Use the fact that $\sin \frac{8\pi}{14} = \sin \left( \pi - \frac{8\pi}{14} \right) = \sin \frac{6\pi}{14}$, $\sin \frac{9\pi}{14} = \sin \left( \pi - \frac{9\pi}{14} \right) = \sin \frac{5\pi}{14}$, ... , $\sin \frac{13\pi}{14} = \sin \frac{\pi}{14}$.

This means, we can write this product as,
$\sin^2 \frac{\pi}{14}\cdot \sin^2 \frac{2\pi}{14} \cdot ... \cdot \sin ^2\frac{6\pi}{14} \sin \frac{7\pi}{14} = \frac{14}{2^{13}}=\frac{7}{2^{12}}$.

This means, (note $\sin \frac{7\pi}{14} = 1$),
$\sin \frac{\pi}{14} \sin \frac{2\pi}{14} \cdot ... \cdot \sin \frac{6\pi}{14} = \frac{\sqrt{7}}{2^6}$.

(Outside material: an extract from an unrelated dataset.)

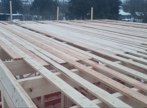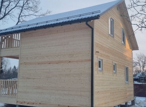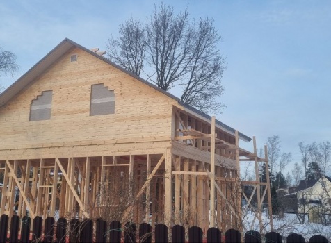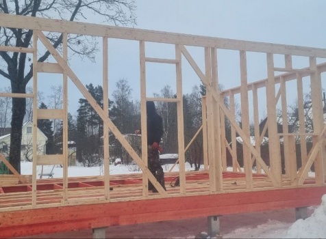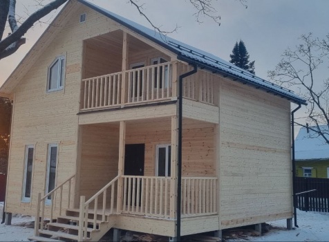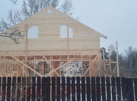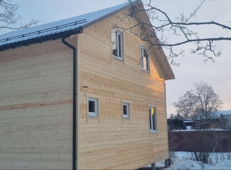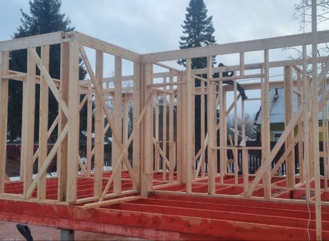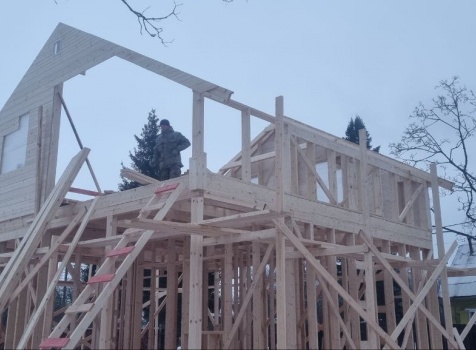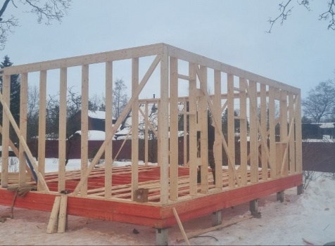 Постройка полутораэтажного дома общими размерами 8.0×7.0 каркасно-щитовой (Камерной сушки) с утеплением в 150 мм (стены) под двухскатной крышей по проекту : https://zodchestvo53.ru/angelina
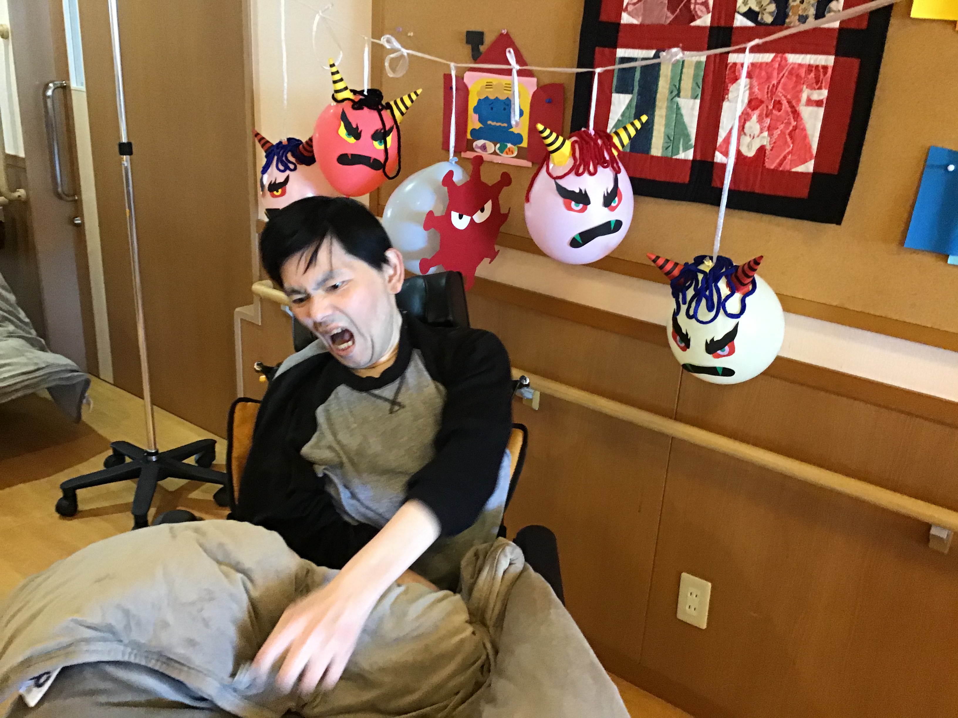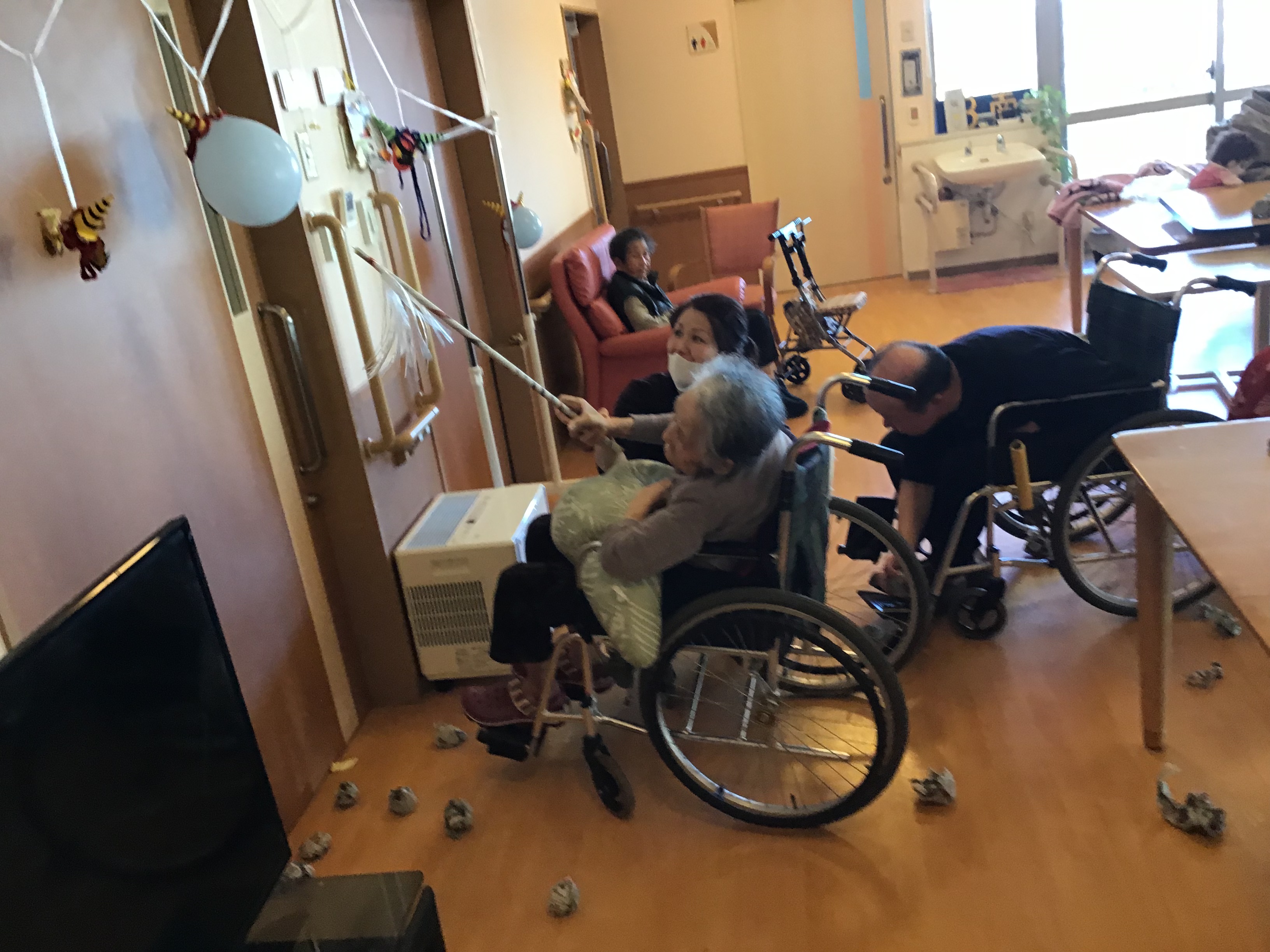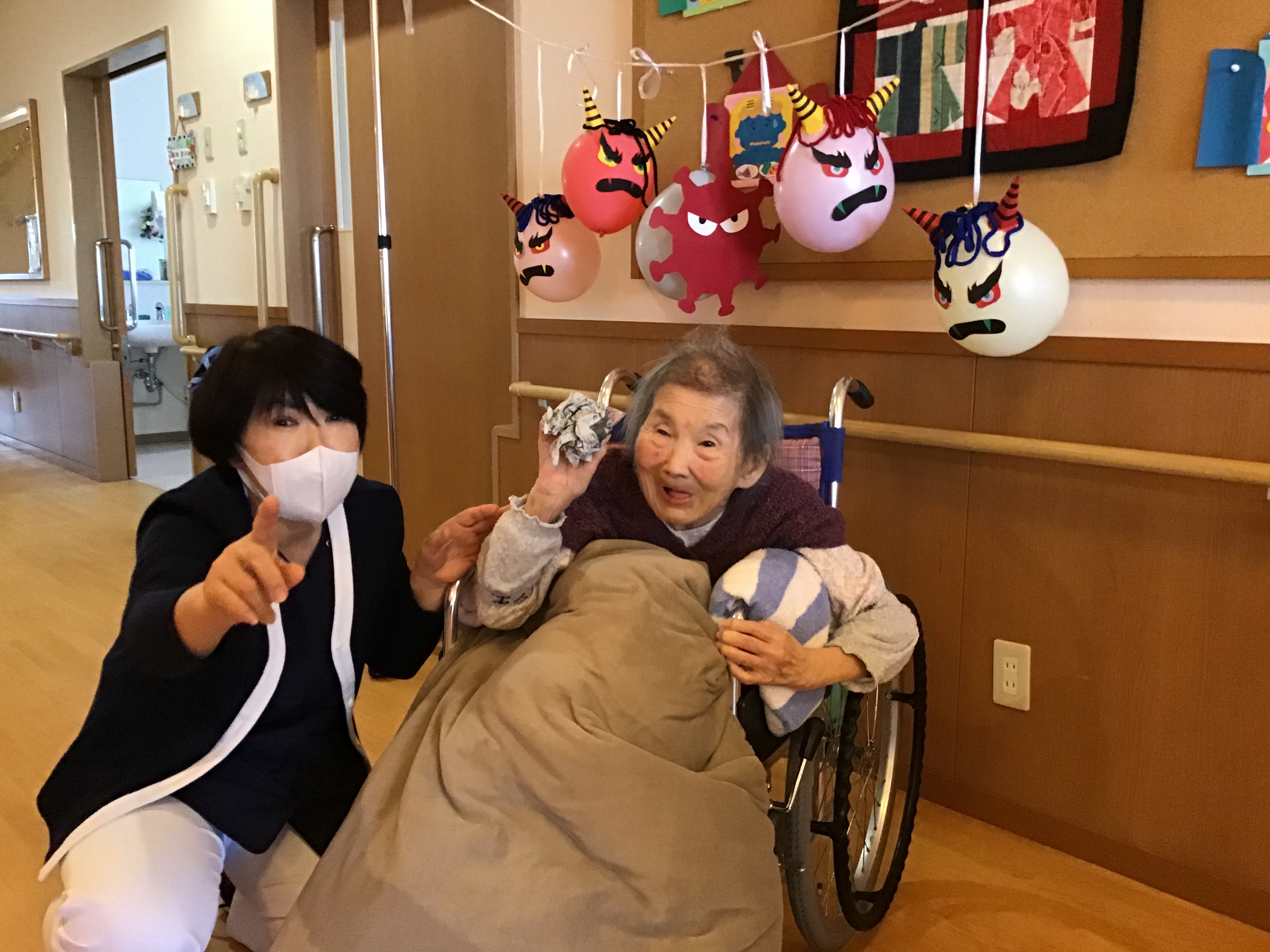 今年はコロナ過の中、規模を縮小しての節分豆まきを行いました。職員の手作り風船鬼とコロナウイルスに向かって「鬼は―外!」「福は―内!」と皆さん一生懸命、新聞玉を投げていました。最後に、槍で鬼とウイルスを撃退していました。

Now, use fact that, $\sin A\sin B = \frac{1}{2}\left( \cos (A-B) - \cos (A+B) \right)$.

Apply the above identity to the opposite ends and work inside-out.
$\sin \frac{\pi}{14} \sin \frac{6\pi}{14} = \frac{1}{2}\cos \frac{5\pi}{14}$
$\sin \frac{2\pi}{14} \sin\frac{5\pi}{14} = \frac{1}{2}\cos \frac{3\pi}{14}$
$\sin \frac{3\pi}{14}\sin \frac{4\pi}{13} = \frac{1}{2}\cos \frac{\pi}{14}$.

Thus,
$\cos \frac{\pi}{14} \cos \frac{3\pi}{14} \cos \frac{5\pi}{14} = \frac{\sqrt{7}}{2^3}$.

Generalize! If $n$ is odd then: $\boxed{ \cos \frac{\pi}{2n} \cos \frac{3\pi}{2n} \cdot ... \cdot \cos \frac{(n-2)\pi}{2n} = \frac{\sqrt{n}}{2^{(n-1)/2}} }$.